Диалог как путь к внутреннему миру

Разрешение внутриличностного конфликта начинается с прислушивания к голосу совести. Такой душевный переворот, произошедший с молодым человеком, ставшим впоследствии старцем Зосимой, описан Ф. М. Достоевским в романе «Братья Карамазовы». Предыстория такова. Молодой человек жил в свое удовольствие «со всем юным стремлением». Он приобрел некий лоск, но вместе с тем «преобразился в существо почти дикое, жестокое и нелепое»: «солдат почитали за скотов», «пьянством, дебоширством, ухарством чуть не гордились». Он почувствовал привязанность к одной девушке, однако предложение не делал, «не желая расстаться с соблазнами вольной жизни». Отложив решительный шаг, уехал. Возвратившись же из командировки, узнал, что девушка вышла замуж. Это известие поразило и уязвило его самолюбие, потому что он подозревал, что все, кроме него, знали о предстоящей свадьбе, а он оказывал ей знаки внимания. Это показалось ему унизительным, и он «почувствовал вдруг злобу нестерпимую» [107]. Тут же появились воспоминания, как много раз он почти выказывал ей свою любовь, а она не останавливала — стало быть, смеялась…

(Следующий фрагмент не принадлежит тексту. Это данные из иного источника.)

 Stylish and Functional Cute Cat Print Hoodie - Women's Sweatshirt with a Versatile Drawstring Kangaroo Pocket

Свои воспоминания он потом оценит как ложные, припомнив, что «нисколько она не смеялась, напротив, разговоры такие шутливо прерывала», но в состоянии уязвленного самолюбия, злобы, эти ложные воспоминания воспринимаются им как непреложная правда. Формируется определенное видение происходящего, оформляется своя правда. Обида усиливается, появляется гнев и жажда мести, определяющая дальнейшее поведение героя. Гнев и стремление к отмщению были ему тяжелы и противны, но он искусственно разжигал и поддерживал их. Результатом является их усиление: они все более и более определяют его состояние, и герой становится «безобразен и нелеп». Выждав случай, он ловко оскорбляет соперника и вызывает его на дуэль. После этого возвращается «свирепый и безобразный». Рассердившись на денщика, герой со зверской жестокостью бьет его. и ложится спать.

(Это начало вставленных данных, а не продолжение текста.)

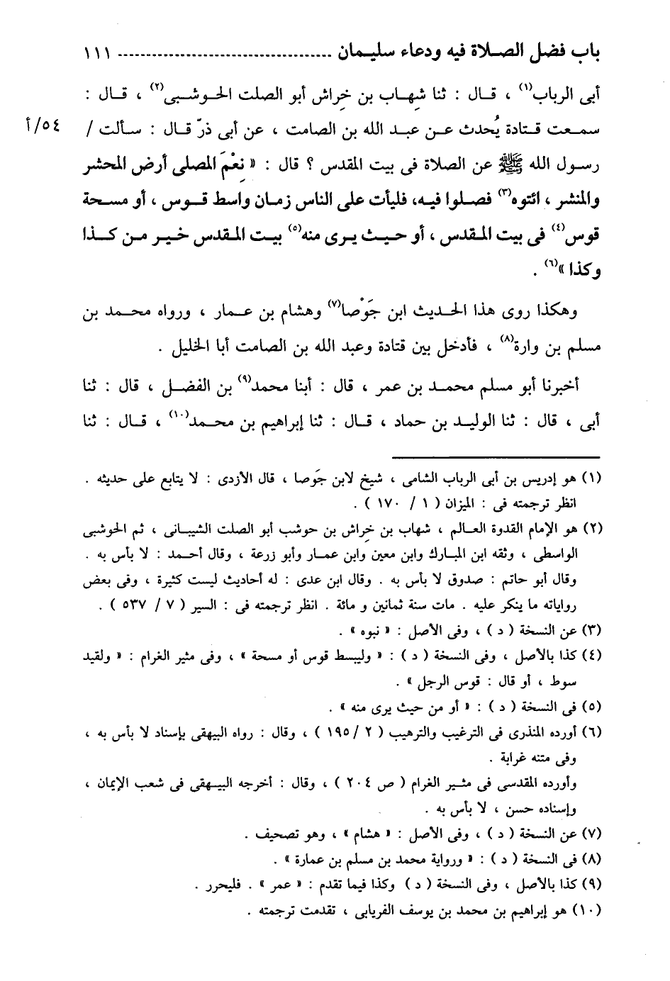أبي الرباب، قال: ثنا شهاب بن خراش أبو الصلت الحوشبي، قال: سمعت قتادة يحدث عن عبد الله بن الصامت، عن أبي ذر قال: سألت رسول الله صلى الله عليه وسلم عن الصلاة في بيت المقدس؟ قال: ((نعم المصلى أرض المحشر والمنشر، ائتوه فصلوا فيه، فليأت على الناس زمان واسط قوس، أو مسحة قوس في بيت المقدس، أو حيث يرى منه بيت المقدس خير من كذا وكذا)).
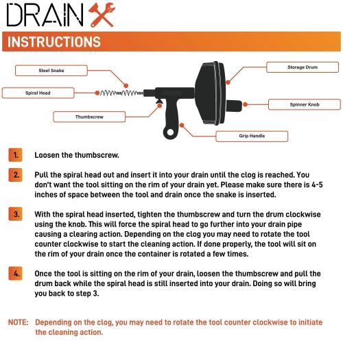 - Our 50 Foot Drain Auger is a great household tool for quickly unclogging any drain including kitchen and bathroom sinks, bathtubs, showers, and drainage pipes. Instead of calling a plumber and a getting a big bill, try unclogging the drain yourself! Bonus Work Gloves and Drawstring Carrying Pouch Included.
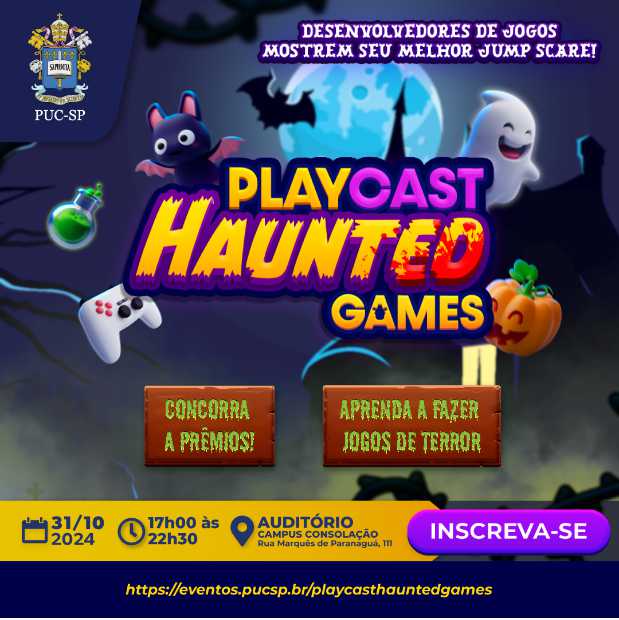Informações e inscrições: link na bio ou acesse: https://eventos.pucsp.br/playcasthauntedgames.
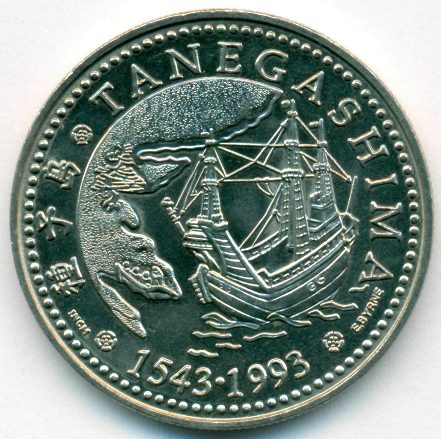 Памятная монета, посвященная 450-летию первой высадки португальской экспедиции в Японии, на острове Танегасима.
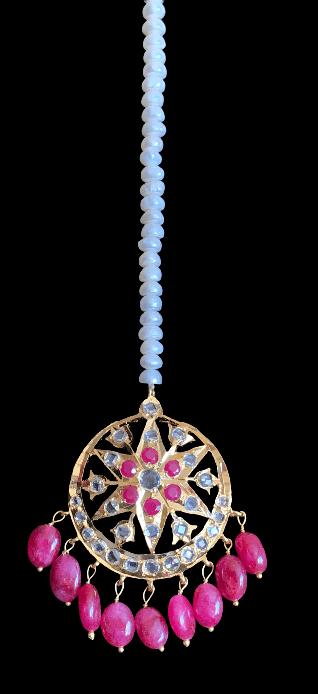 made using fresh water pearls with ruby ( Chatham) stones and beads

Нарушение внутреннего диалога, развитие внутриличностного конфликта описано точно и детально. Возникло подозрение — переживание унижения — появилась обида — последовала злоба — возникают ложные воспоминания, подтверждающие подозрения, формируется определенная картина происходящего — усиление обиды и злобы — появление гнева — возникло желание мщения за обиду и унижение — последовало разжигание гнева и злобы, как оправданных и законных, — возникло стремление отомстить — человек реализует свое внутренне стремление, и следует вызов на дуэль. Состояние озлобления нарастает, и следует зверское избиение денщика.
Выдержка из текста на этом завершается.